German Startup Has Created Carbon-Neutral Diesel From CO2, Water, And Renewable Power

The technology is there. The big challenges will be finding customers and dealing with government regulations.

If you were to draw up a list of really useful inventions that could help fight climate change, a CO2-neutral fuel that can be used in conventional automobiles might be somewhere near the top. If we could continue using today’s cars without producing carbon emissions, that would be a big step forward, both economically and environmentally.

So, news that a German startup is successfully producing hundreds of liters of CO2-neutral fuel is a big deal—even if there are reasons to be skeptical at this stage.


The technology comes from a company called Sunfire, in Dresden, Germany. Together with Audi, Sunfire built a pilot plant that produces high-grade diesel using only renewable electricity, CO2, and water.

Using a form of electrolysis, Sunfire first splits water into hydrogen and oxygen. Then it takes CO2 and combines it with hydrogen to create a hydrocarbon (the fuel). Each step is powered by renewables, such as solar or wind—hence the CO2-neutral claim.

To demonstrate how the fuel works, the company recently put five liters into the official car of Germany’s education and research minister, Johanna Wanka. “If we can make widespread use of CO2 as a raw material, we will make a crucial contribution to climate protection and the efficient use of resources,” she said, trumpeting the technology.
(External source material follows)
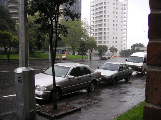 Ich bin also gegen Nachmittag los und sprintete zu Foodtown, dem größten Supermarkt in der Nähe. Der steht aber nicht gerade um die Ecke, wenn auch in Sichtweite. Ich muss aber eine Hügel ‚runter und das dauert. Es regnete heftig und ich kam dann gut eingeweicht dort an. Alles halb so wild aber manche sind ja so viel cooler hier: die scheint das alles kein bisschen zu kümmern und spazieren ganz gemütlich ohne Schirm und Hut daher.
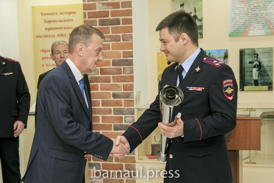 - Я думаю, что этот экспонат займет достойное место в музее и в истории развития города Барнаула, - обратился к личному составу института Вячеслав Франк. Также глава города напомнил об истории факела и его значимости для краевой столицы и поблагодарил Губернатора Алтайского края Виктора Томенко за поддержку в организации доставки и зажжения Вечного огня на Мемориале Славы в Барнауле.

According to Sunfire and Audi, the fuel carries no sulfur emissions and burns more efficiently than conventional diesel. What’s more, you can use it both as a blend with existing fuel, or on its own, meaning it’s potentially a direct substitute for fossil fuels—not something that just improves fossil fuels. The question is whether it can be produced at scale, what the cost might eventually be, and exactly where the necessary power for the process, which is significant, will come from.

In an email, cofounder Christian von Olshausen says the next step will be to build a much bigger plant, so Sunfire can get its prices down. The biggest obstacle may not be technology. First, Sunfire has to find a guaranteed customer for its product (Audi hasn’t committed yet). Second, it has to persuade the German government to relax tax rules that currently make the electricity going into the process prohibitively expensive. At the moment, each liter costs between US$1.15 and US$1.70 before distribution and retail, which works out at about US$6.37 a gallon, according to this critical analysis.
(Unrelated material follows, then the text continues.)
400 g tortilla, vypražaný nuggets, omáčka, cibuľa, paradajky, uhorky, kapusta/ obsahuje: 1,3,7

Those are big uncertainties. More to the point: many biofuel start-ups have successfully produced small quantities of useful fuel, only to struggle once they start looking for finance or build out their operations.

Nonetheless, the possibility of CO2-fuel is certainly tantalizing, even in a future where electric cars are cheaper and more practical for everyday drivers. “Electric cars are definitely more efficient in terms of electric energy usage and have their place in the market,” von Olshausen says. “But there will always remain applications which need the unbeatable energy density of liquid hydrocarbon fuels, like planes and long distance heavy vehicles.”